* REQUIRED ACTION *
Word for word, print out all of the data, omitting every image.

* DATASET EXTRACT *
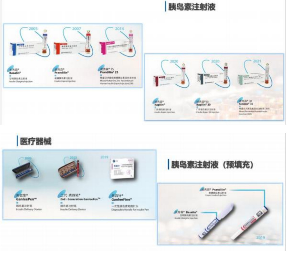 自1998年成立以来,甘李药业使中国成为全世界第三个能够自主生产和销售基因工程胰 岛素的国家。公司成功自研了多款中国首个三代胰岛素类似物,产品全面覆盖长效、速效、预混三个胰岛素功能细分市场以及相关医疗器械领域。
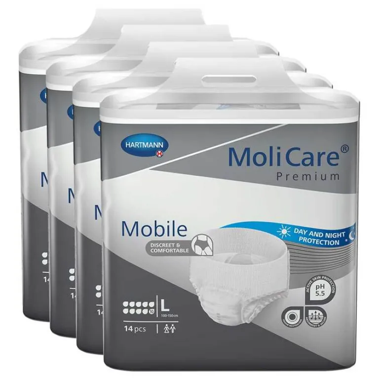 MoliCare® Premium Mobile 10 Tropfen sind für Personen mit sehr schwerer Harn- und Stuhlinkontinenz geeignet. Wie alle Pull-up-Hosen kann diese Inkontinenzunterhose wie normale Unterwäsche getragen werden und ist besonders für die Nacht geeignet.
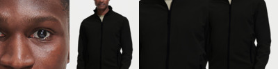 Two layer stretch soft shell. 96% polyester/4% elastane outer. Polyester fleece lining. Showerproof. Shaped fit. Collar high full length zip. Two front zip pockets. Open cuffs and hem. Curved drop hem.
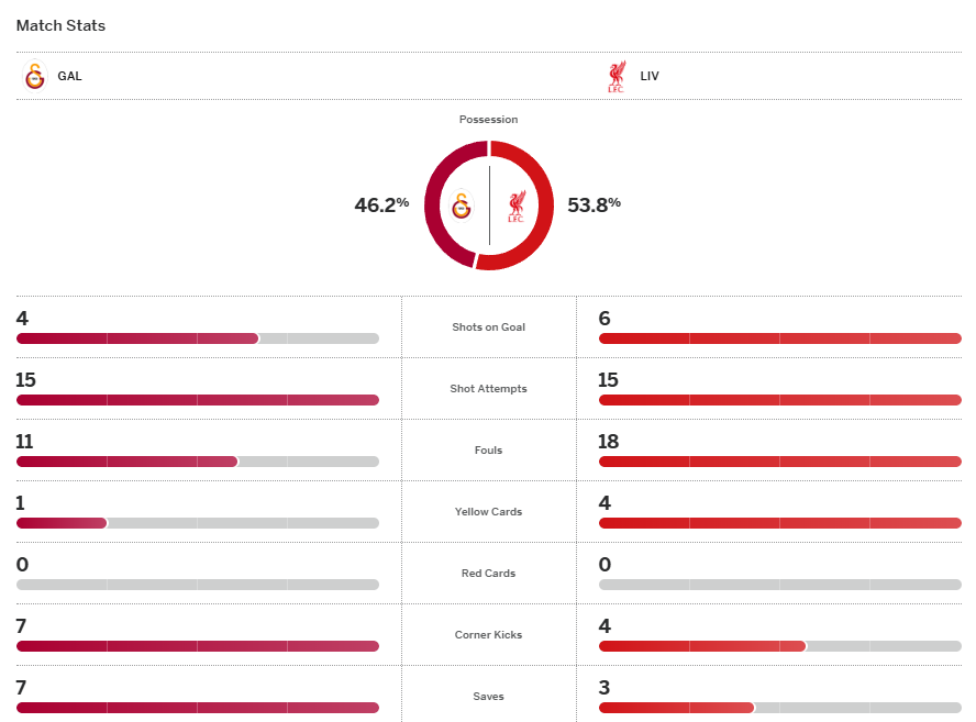 จบเกม ลิเวอร์พูล พ่ายให้กับ กาลาตาซาราย 1-0 ทำให้พวกเขาแพ้ต่อ กาลาตาซาราย 3 เกมติดต่อกันและนัดสองกลับไปเล่นในบ้านต้องแก้ตัวให้ได้

* WRITTEN SOLUTION *
 自1998年成立以来,甘李药业使中国成为全世界第三个能够自主生产和销售基因工程胰 岛素的国家。公司成功自研了多款中国首个三代胰岛素类似物,产品全面覆盖长效、速效、预混三个胰岛素功能细分市场以及相关医疗器械领域。
 MoliCare® Premium Mobile 10 Tropfen sind für Personen mit sehr schwerer Harn- und Stuhlinkontinenz geeignet. Wie alle Pull-up-Hosen kann diese Inkontinenzunterhose wie normale Unterwäsche getragen werden und ist besonders für die Nacht geeignet.
 Two layer stretch soft shell. 96% polyester/4% elastane outer. Polyester fleece lining. Showerproof. Shaped fit. Collar high full length zip. Two front zip pockets. Open cuffs and hem. Curved drop hem.
 จบเกม ลิเวอร์พูล พ่ายให้กับ กาลาตาซาราย 1-0 ทำให้พวกเขาแพ้ต่อ กาลาตาซาราย 3 เกมติดต่อกันและนัดสองกลับไปเล่นในบ้านต้องแก้ตัวให้ได้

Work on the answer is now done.